Do tej pory fotografowałem bez kursu i nigdy nie miałem problemu, ale w tym roku postanowiłem, że zrobię :-).
Spoko, już podaje info, może inni skorzystają.
To zlepek kilku mejli zanim dowiedziałem się wszystkich ważnych rzeczy :).Cytat:
gawronska@koszalin.opoka.org.pl
Najbliższy kurs odbędzie się 24 marca 2012 r. Wszelkie dodatkowe informacje można uzyskać pod tym adresem meilowym lub telefonicznie 94 946 87 18.
Kurs trwa jeden dzień, odbędzie się w Centrum Edukacyjno-Formacyjnym w Koszalinie –Wilkowie koło Seminarium Duchownego. Koszt tego kursu tj. 100zł. Na kurs trzeba przywieźć rekomendację od swojego księdza proboszcza i jedno zdjęcie legitymacyjne.
Kurs rozpocznie się o godz. 10,00 a zakończy mniej więcej 14,00-15,00. Jest oprócz wiedzy zajęcia praktyczne w kościele.
Pozdrawiam
Emilia Gawrońska
Sekretariat Wydz. Duszp.
Najlepiej skontaktuj się z tą kobietą i zapisz na listę.
Do zobaczenia w Koszalinie ;)
Będę jechać aż ze Stargardu buu ... muszę sobie zaktualizować mapę fotoradarów ;p.
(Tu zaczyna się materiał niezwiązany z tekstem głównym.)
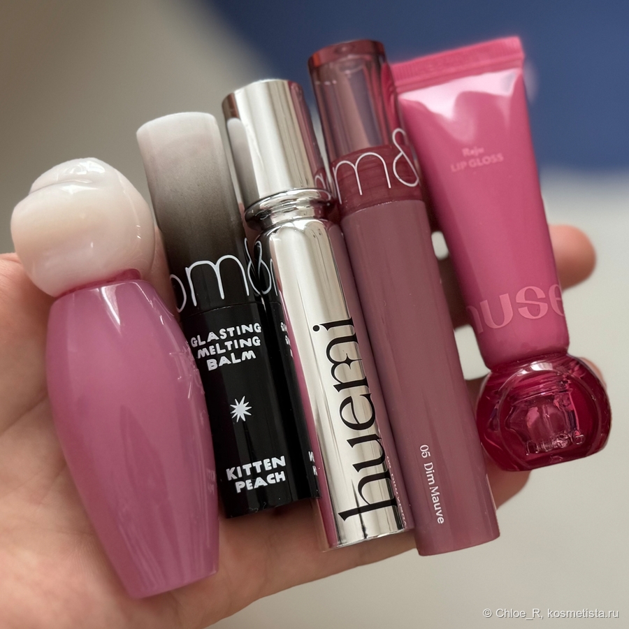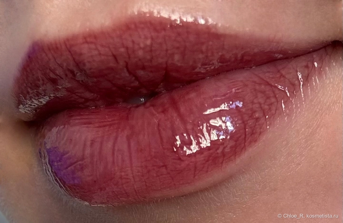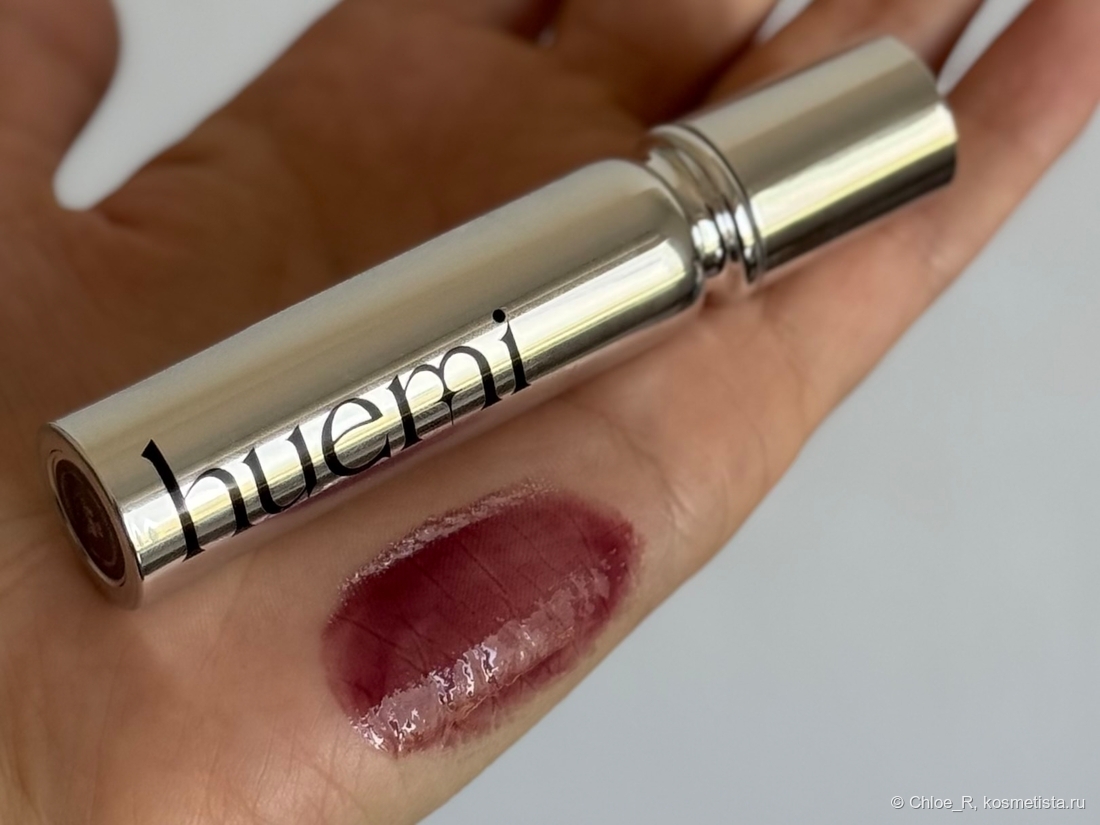 Ну и вишенка на торте — тающий блеск от бренда Huemi в красивом вампирском оттенке 03. Это тоже новинка 2025 года, которая влюбила в себя моментально.

Dzięki wielkie za te informacje :-). Później skrobnę maila i się zapiszę na listę. Także widzimy się 24 marca :-).
Zapisałem się na kurs w Łodzi (a dokładniej będzie w Porszewicach pod Łodzią). Ciekawa rzecz - formularz zapisu jest tak zrobiony, że trzeba przesłać zdjęcie o konkretnych wymiarach (w punktach). Wystarczy, że jest pomyłka o 1 punkt i już zdjęcie jest odrzucane.
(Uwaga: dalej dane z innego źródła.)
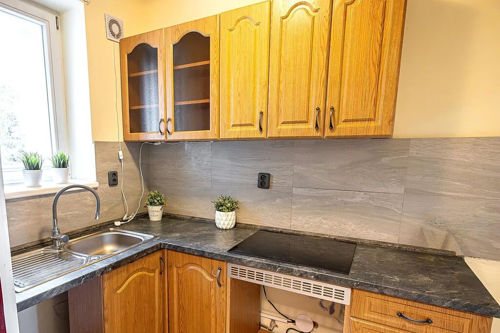 - oddělená kuchyně s kuchyňskou linkou - je zde indukční deska, po dohodě bude dodána nová myčka a el. trouba, přip. i starší lednice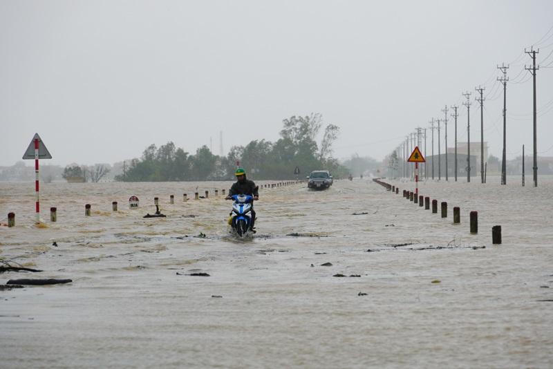 Nhiều tuyến đường trên địa bàn huyện Lệ Thủy bị ngập sâu |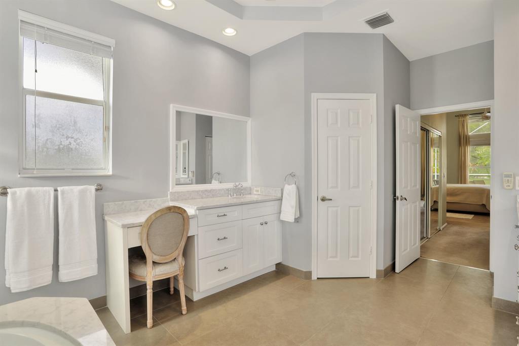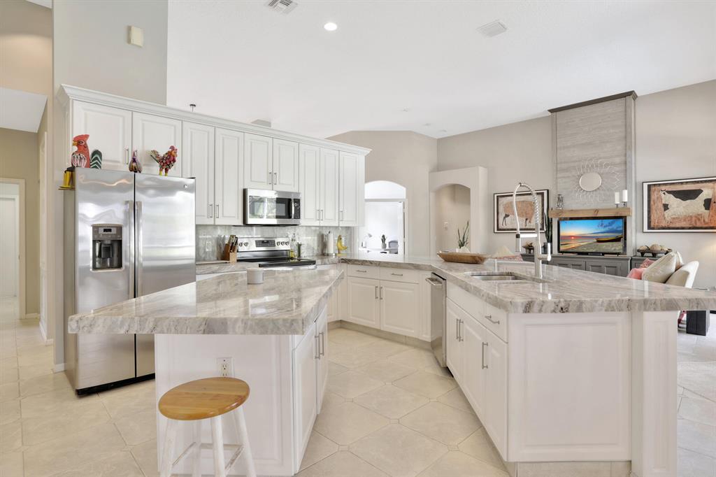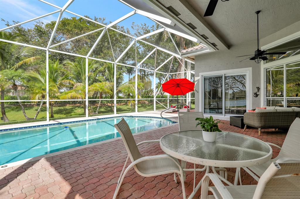 Welcome home to Boca Falls! Beautiful, renovated, Monterrey model home on a cul-de-sac in West Boca Raton's highly desired, luxurious and family oriented Boca Falls man gated community. Large 0.33 acre lot (developer lot) with private and beautiful water views, large spacious backyard and screened, covered lanai with salt water pool. NEW ROOF in 2023, completely remodeled and renovated open floor is designed around the grand central living area with 15 ft ceilings. Custom kitchen cabinetry, granite countertop kitchen and breakfast area with open views of the grand room/media center and separate dining/sitting room with white porcelain floors. The primary, oversized bedroom with a luxurious and elegant bathroom is a private oasis overlooking the pool and lanai, ideal for enjoying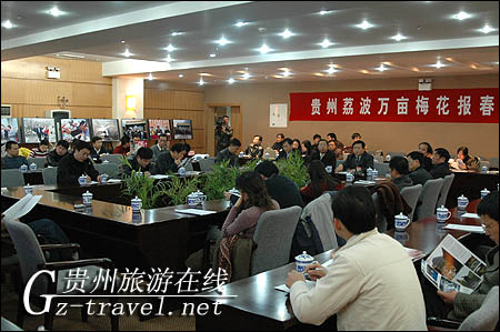 州、县领导向新闻媒体和旅行社介绍梅花节情况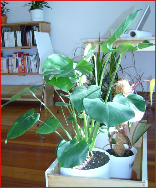 Sinon, si tu as une assez bonne luminosité (pas de lumière directe par contre, surtout l'été), beaucoup de philodendrons sont grimpants (scandens, burgundy, red emerald). Le monstera deliciosa grimpe aussi mais atteint très vite des proportions gigantesques. Il y a aussi les pothos, vigoureux et grimpants. Je te mets ici quelques photos des miens (certains sont plutôt tombants, mais ils peuvent grimper).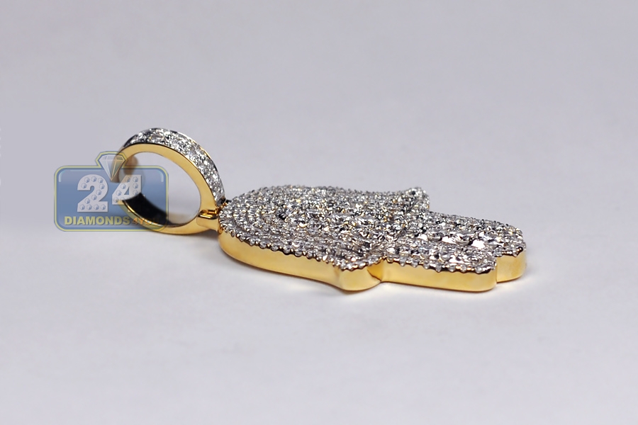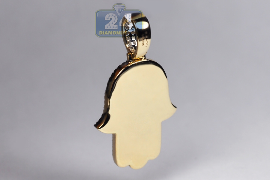 14K Yellow Gold 2.27 ct Full Diamond Hamsa Hand Mens Pendant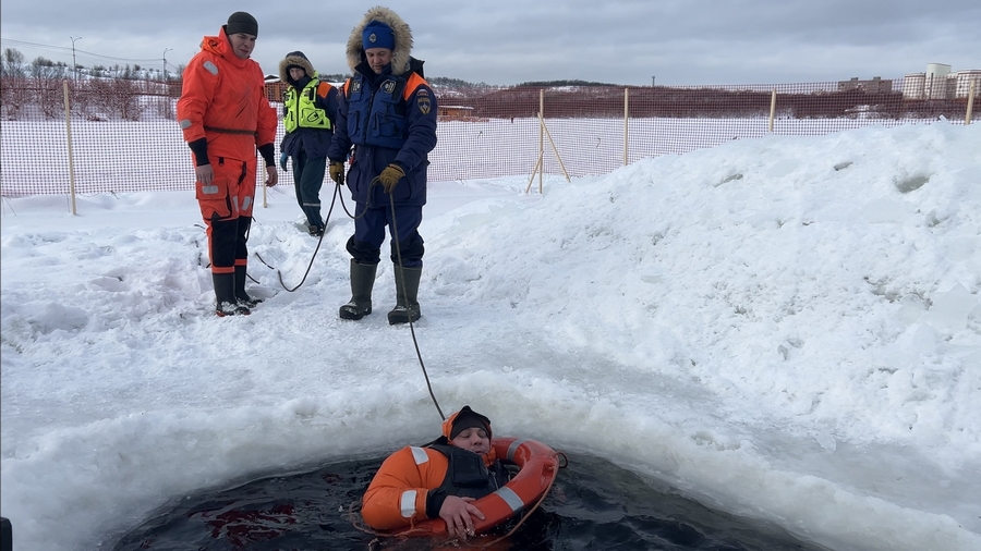 Под воду лучше не проваливаться — такой вывод можно сделать, наблюдая за попытками сотрудника регионального МЧС в термокостюме спастись и вылезти из проруби на Семёновском озере в Мурманске.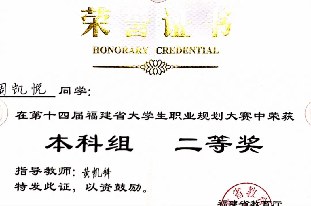 11月19日,由福建省教育厅主办的第十四届福建省大学生职业规划大赛总决赛和颁奖典礼在福建技术师范学院举行。我校2021级市场营销专业(专升本)周凯悦同学获得大赛本科组二等奖。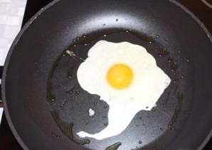 І пакуль біфштэкс дагатоўваецца да гатоўнасці, памыем скавароду, нальём на яе невялікую колькасць расліннага алею і зажарым адно яйка, крыху пасаліўшы яго пасля прыгатавання.

Przy okazji wymiany korespondencji zapytałem o to, czy można być niewierzącym i wziąć udział w kursie. Odpowiedź była twierdząca.
Kurs, niestety, dotyczy tylko fotografowania w kościołach rzymsko-katolickich. Zatem nie dowiem się, jak sprawa wygląda w kościele luterańskim czy synagodze.